Records excerpted from a collection
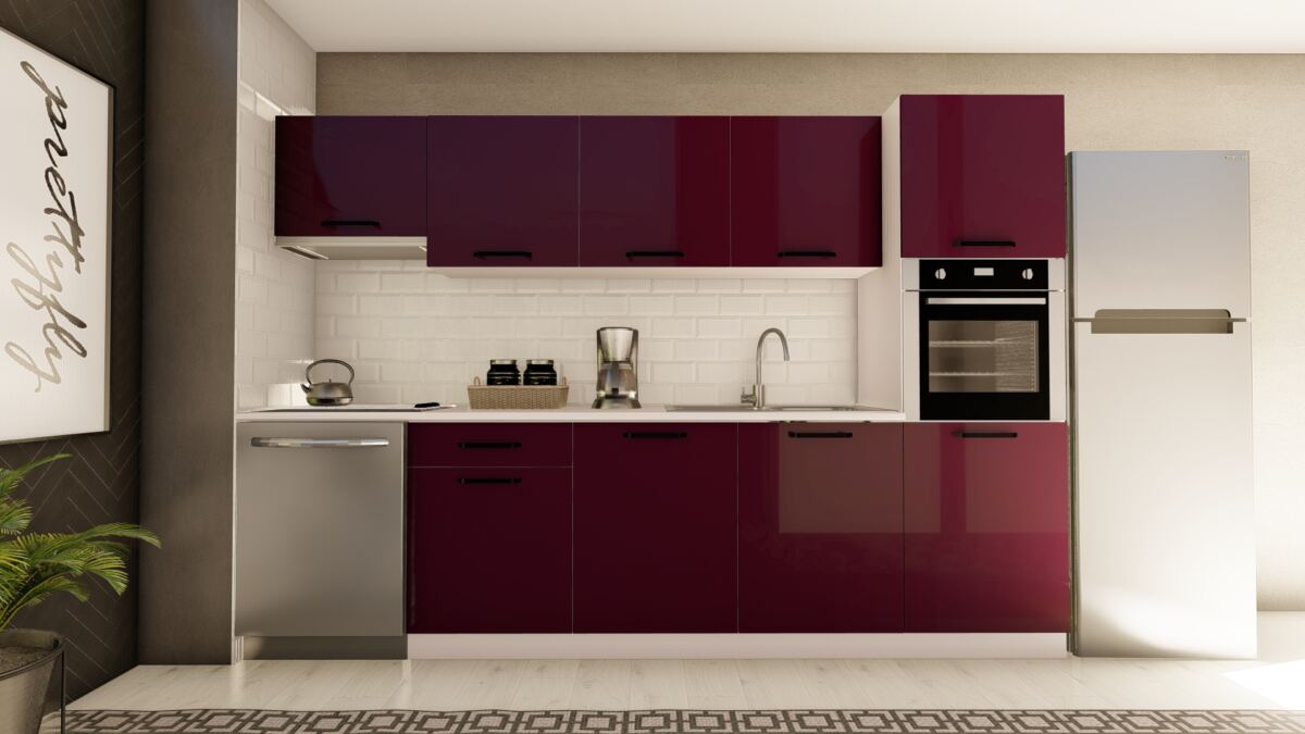VİSAS CONCEPT _ 300 cm ŞEYMA HAZIR MUTFAK DOLABI ASPİRATÖR ve ANKASTRE KİLER MODÜLLÜ PARLAK MÜRDÜM
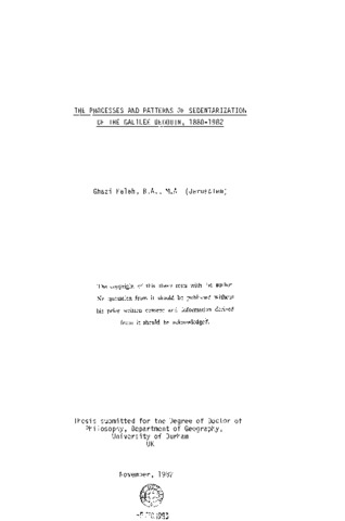 This study is the first comprehensive geographical research upon the bedouin tribes of Galilee. These tribal groups have been rather neglected in Literature and relatively little is known about them. It is hoped to contribute to the Settlement Geography of the Middle East and to shed some light on studies of the Holy Land, Settlement geography is defined for this study as having two basic aspects: 1) explaining the processes which have created the Bedouin settlement, and 2) describing the resultant settlement patterns. The most important period of sedentarization among the Galilee bedouin tribes is that of the first half of the 20th Century, although the processes of changing nomadic habits into sedentary ones were observed in earlier times. However, political and economic conditions of the country, as well as the weakness of the Central government of the Ottoman regime contributed much to the spread of nomadism into the non-desert environment of Galilee. However, the pattern of settlement among the Galilee bedouin is a recent phenomenon emerging largely during the past three decades. It has not yet reached its final shape. The study is divided into three parts, each part emphasizing one phase of the sedentarization process; the first part discusses the conditions under which the nomadism develops and the early symptoms of the denomadization process. The second part analyses the processes of sedentarization, and in the third part, the final product of sedentarization, the settlement patterns, are examined. The thesis ends with some concluding remarks summarizing the most significant general findings of this study and suggesting some further research for the future.
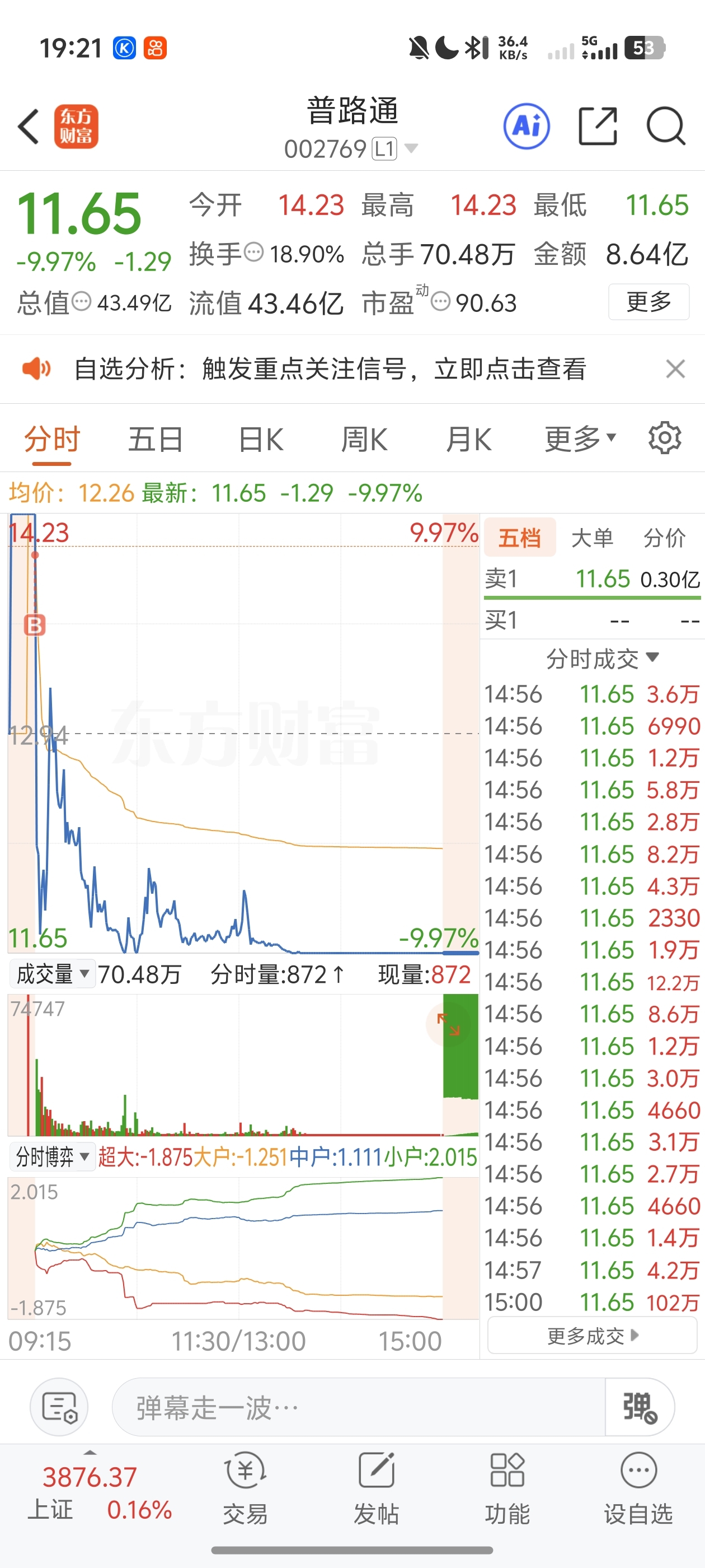 $普路通(SZ002769)$ 明天怎么办,吃大面了
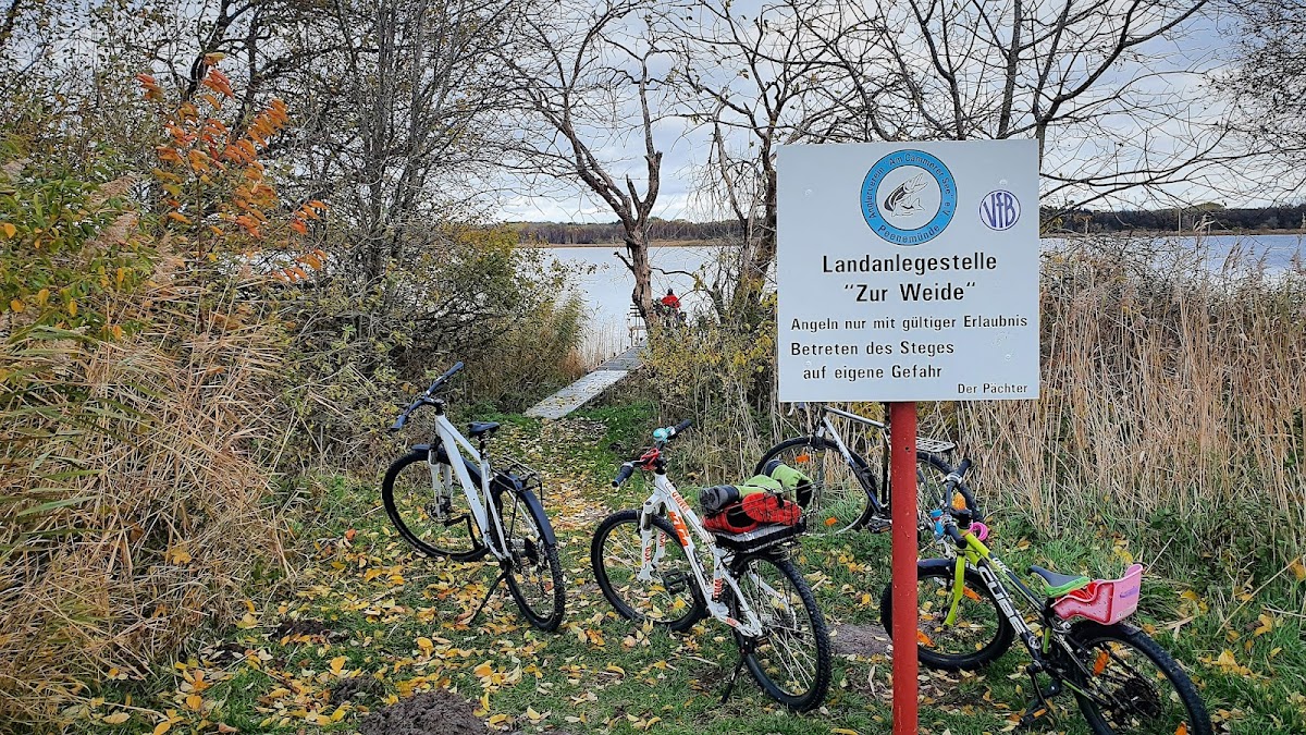 Kleiner privater Steg des Angelvereins "Am Cämmerer See e.V.". Betreten erlaubt auf eigene Gefahr. Ein schöner Platz auf der Sitzbank für eine Rast und entspannenden Blick über den See.
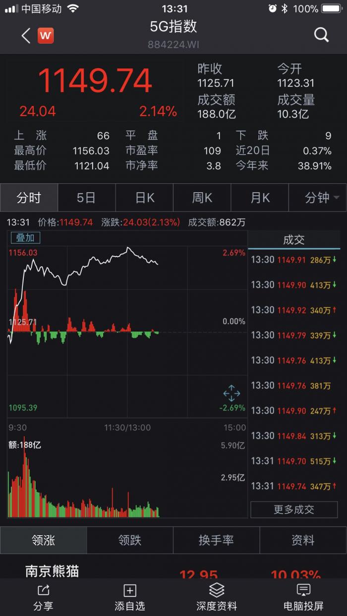 在大盘持续震荡之下,5G概念股走强,南京熊猫、广哈通信直接涨停,新易盛、广和通等股票上涨逾5%。

Assigned task
Please restate the data word for word, leaving out any picture it holds.

Answer space
VİSAS CONCEPT _ 300 cm ŞEYMA HAZIR MUTFAK DOLABI ASPİRATÖR ve ANKASTRE KİLER MODÜLLÜ PARLAK MÜRDÜM
 This study is the first comprehensive geographical research upon the bedouin tribes of Galilee. These tribal groups have been rather neglected in Literature and relatively little is known about them. It is hoped to contribute to the Settlement Geography of the Middle East and to shed some light on studies of the Holy Land, Settlement geography is defined for this study as having two basic aspects: 1) explaining the processes which have created the Bedouin settlement, and 2) describing the resultant settlement patterns. The most important period of sedentarization among the Galilee bedouin tribes is that of the first half of the 20th Century, although the processes of changing nomadic habits into sedentary ones were observed in earlier times. However, political and economic conditions of the country, as well as the weakness of the Central government of the Ottoman regime contributed much to the spread of nomadism into the non-desert environment of Galilee. However, the pattern of settlement among the Galilee bedouin is a recent phenomenon emerging largely during the past three decades. It has not yet reached its final shape. The study is divided into three parts, each part emphasizing one phase of the sedentarization process; the first part discusses the conditions under which the nomadism develops and the early symptoms of the denomadization process. The second part analyses the processes of sedentarization, and in the third part, the final product of sedentarization, the settlement patterns, are examined. The thesis ends with some concluding remarks summarizing the most significant general findings of this study and suggesting some further research for the future.
 $普路通(SZ002769)$ 明天怎么办,吃大面了
 Kleiner privater Steg des Angelvereins "Am Cämmerer See e.V.". Betreten erlaubt auf eigene Gefahr. Ein schöner Platz auf der Sitzbank für eine Rast und entspannenden Blick über den See.
 在大盘持续震荡之下,5G概念股走强,南京熊猫、广哈通信直接涨停,新易盛、广和通等股票上涨逾5%。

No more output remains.